Глафира открывала сонные глаза: перед носом расплывалось белое, пушистое облачко. Чуть отлетев от носа, облачко превращалось в маленькую пироженку с воздушными, сладкими сливками. В сердцевине изысканного лакомства томилась маленькая глазированная вишенка.

– Танечка, ну зачем ты?! – хохотала заспанная прелестница, – съела бы сама.

– Как же, съем я? Не холопское это дело – пирожные по утрам лопать. Мы к этому не привычны. Это для моей царевны.

– Ну вот, опять ты за свое. Слово то, какое – «холопка». Не серди меня! Ешь вместе со мной.

За пару минут воздушное лакомство, купленное Татьяной в кондитерской, исчезало во рту обеих подружек. Облизывались пальчики, подбирались упавшие крошки, на лицах появлялось выражение мечтательного блаженства.
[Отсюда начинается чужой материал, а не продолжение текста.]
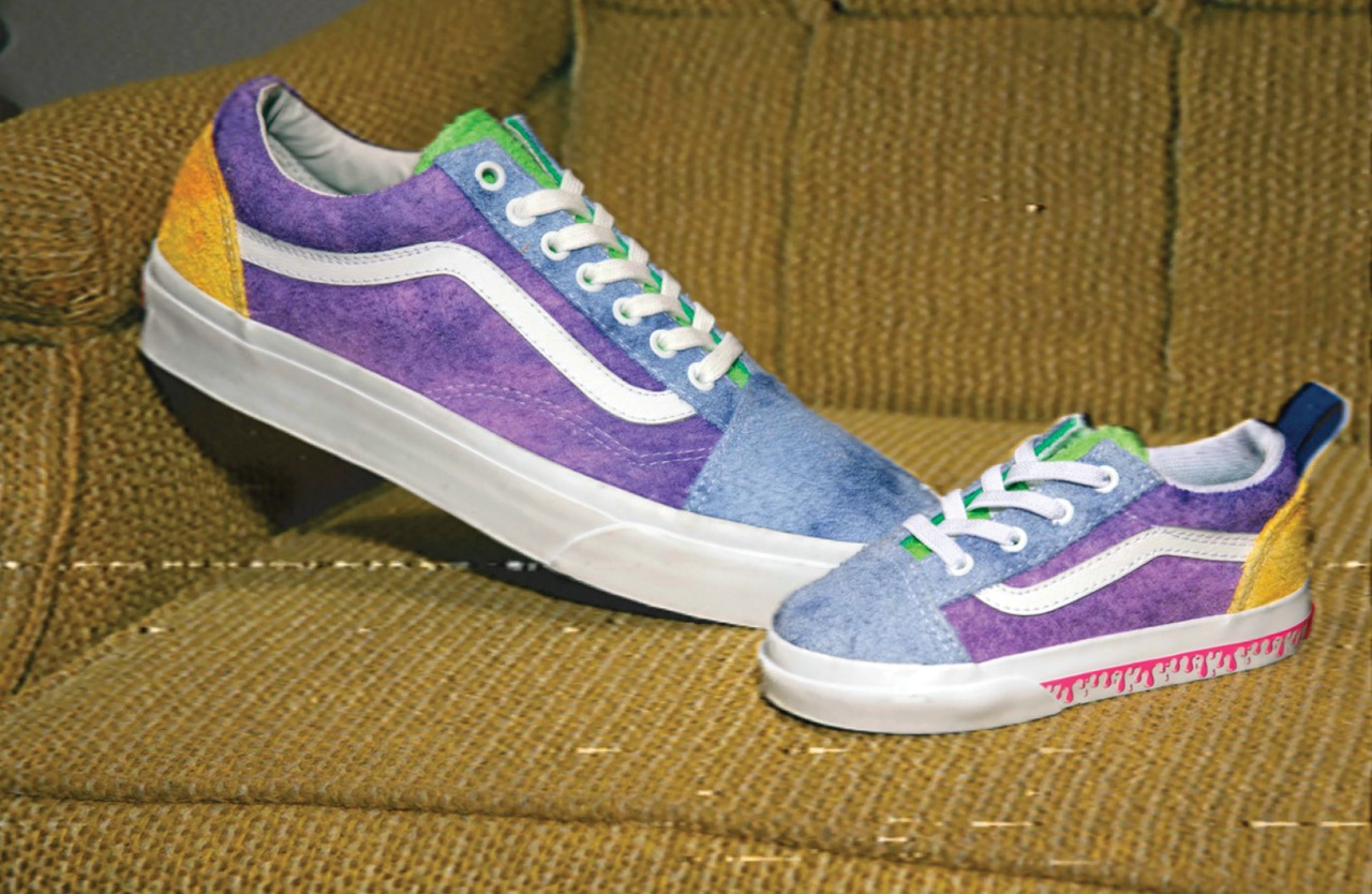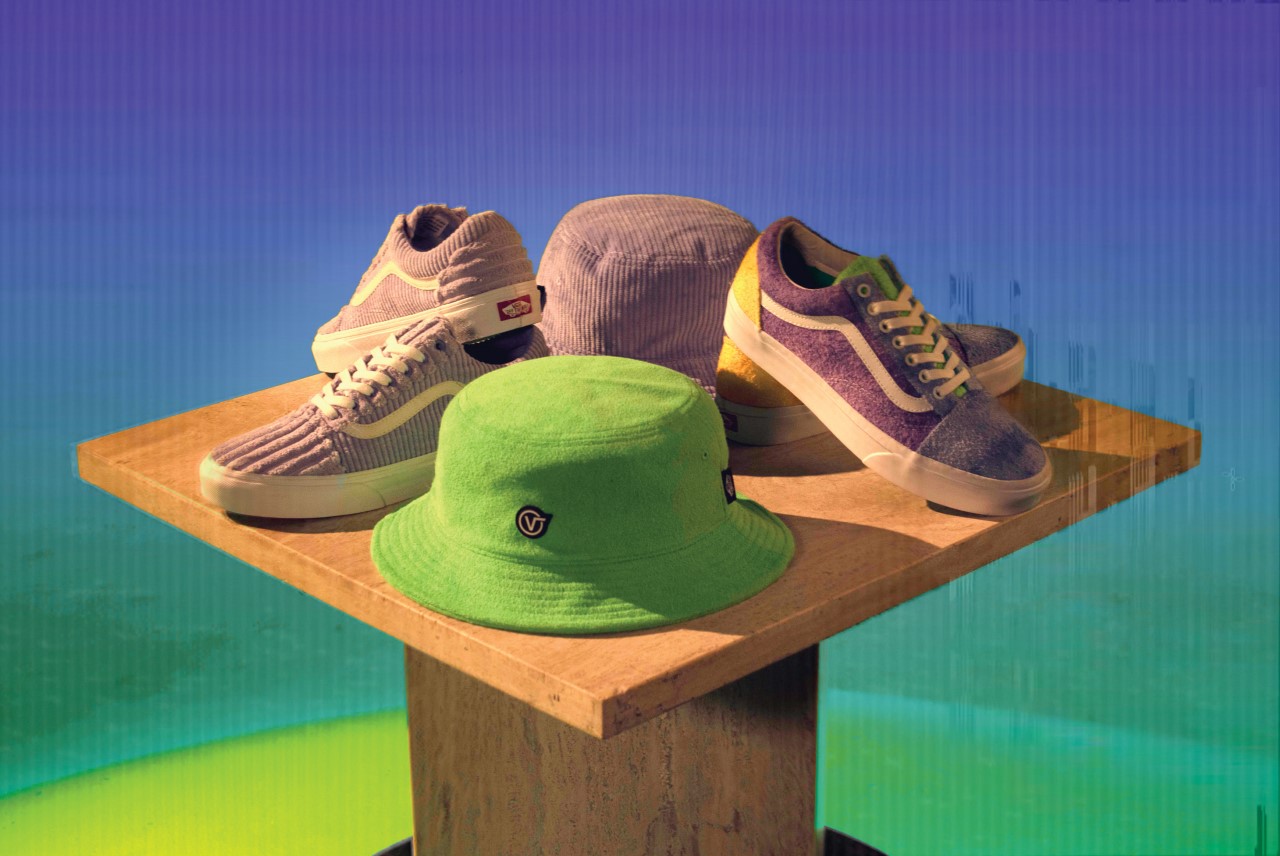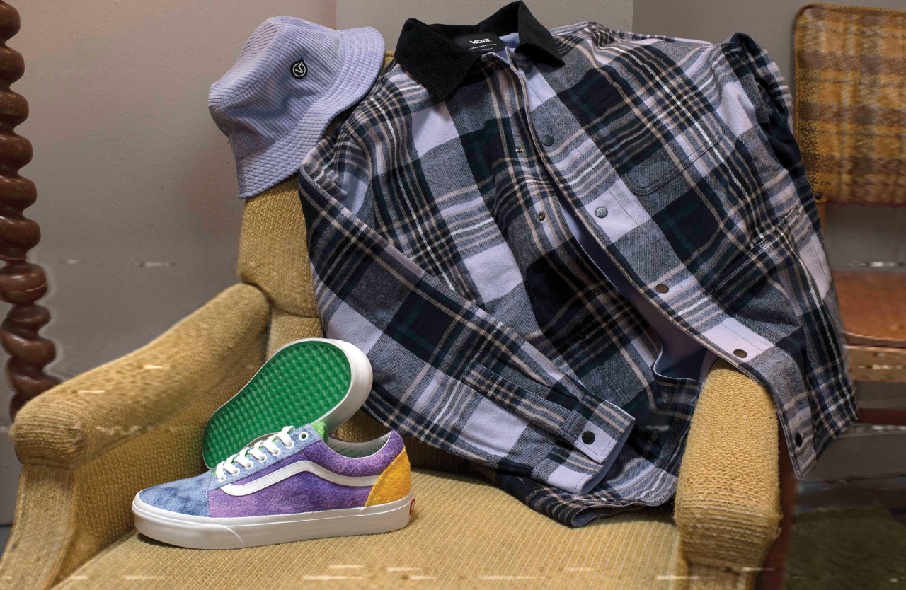 Using Vans’ original skate school as his canvas, AP has reimagined the Old Skool in two fun and funky colorways inspired by his sons, Soul and Shine. Using corduroy uppers, the Old Skool Soulito is decorated with cozy purple uppers. A second Old Skool Ziti uses the multi-panel construction to showcase color block treated uppers outfitted in a tactile fuzzy suede in blue, purple and green. An homage to family, the footwear assortment includes kids and toddler sizing. Each footwear model is finished with a green waffle sole, as it is the color of creativity. As a complement to the footwear, AP designed a men’s reversible Chore Jacket that provides two looks in one, a purple plaid or a solid purple canvas option, outfitted with black corduroy collar and a purple corduroy backpack. For finishing touches, the Vans x AP Bucket Hat is available in two complimenting colorways, including purple plaid and a kelly green terrycloth colorway.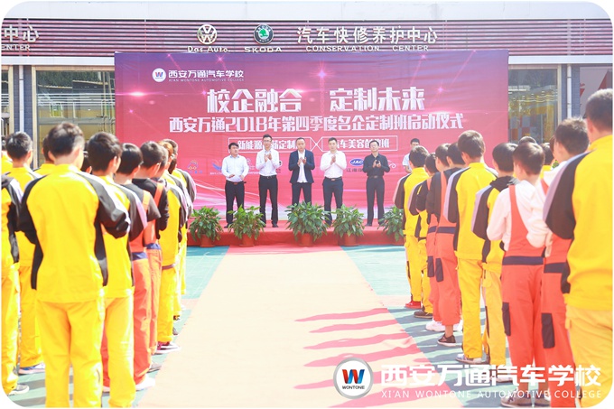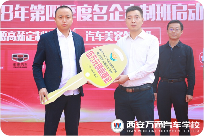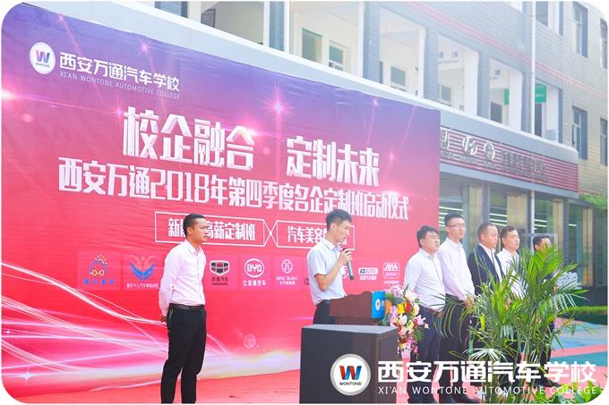 為了適應國家新能源技術發(fā)展戰(zhàn)略的宏偉目標,以及為汽車后市場培養(yǎng)更多的創(chuàng)業(yè)型人才,2018年9月21日,西安萬通汽車學校隆重舉行了西安萬通2018年第四季度名企定制班啟動儀式,標志著西安萬通“新能源高薪定制班”、“汽車美容創(chuàng)業(yè)班”兩個項目正式啟動。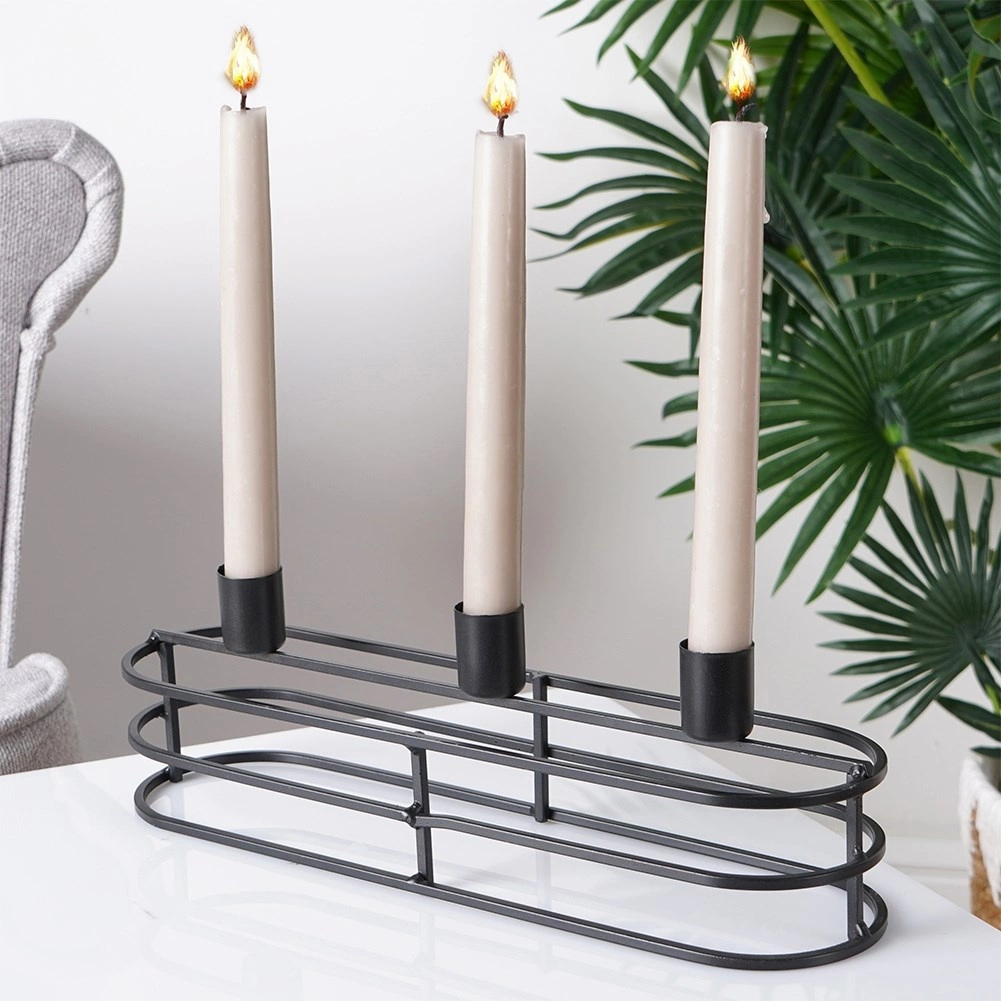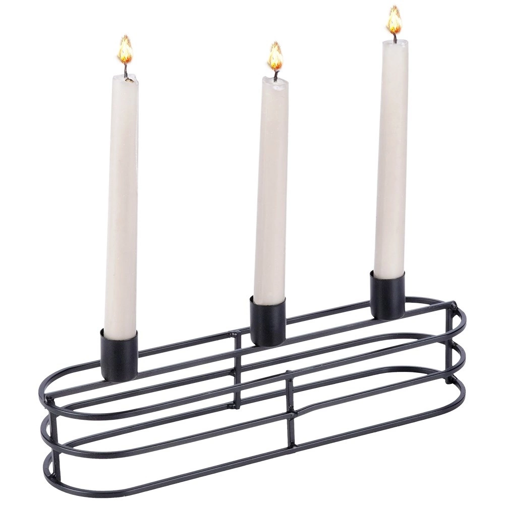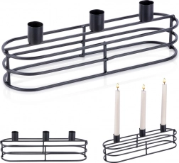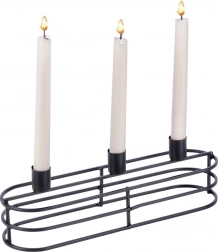 Trzy cylindryczne uchwyty bezpiecznie trzymają świece w jednym rzędzie. Idealny na świece o średnicy do 2 cm i do efektownych aranżacji stołowych.

– Таня, я верю, что когда-нибудь все изменится. Мы уедем с тобой далекодалеко… И там в другой, счастливой жизни мы будем каждое утро есть на завтрак пирожные и запивать их душистым кофе. У нас будет много вкусной еды: окороков, ветчины, колбас, пирожных и даже мороженое…

– А это еще что?

– О, вкуснее мороженого ничего в мире не существует… Я ела его однажды, когда была маленькая, и были живы мои родители. Это было на Рождество, в гостях у генерала на детском празднике, на елке. Я помню маму, ее красивое платье с длинным шлейфом, у меня тоже было розовое в цветочек, длинное платье. И папу. Он смотрел на нас с улыбкой и гордостью. Все смутно теперь. Но я точно помню, что в конце обеда нам подали это самое мороженое в серебряных вазочках. Они так и сказали: «А теперь, дети, для вас есть сюрприз – мороженое! Кушайте помаленьку, не простудите горло». Это Таня, похоже на сливки с вишней и клубникой, только холодное, скользкое и какое-то радостное…

– Не знаю я никаких мороженых… Солодку, да малину знаю, а морожены есть – рылом не вышла. Не по чину нам.

– Таня, ну что ты… Опять обиделась. Я не для того рассказала. Я и сама только однажды его и пробовала. Это мы с тобой и сами сможем сделать: сливки заморозить с сахаром – получится эта вкуснотища. Вспомнила мороженое, и родители сразу вспомнились, – легкая грусть накрыла веселые глаза. Она нарочно раскрыла их широко и отвела в сторону, силясь не заплакать. Но предательские слезы закапали по щекам. Глаша упала на подушку, послышалось тихое всхлипывание.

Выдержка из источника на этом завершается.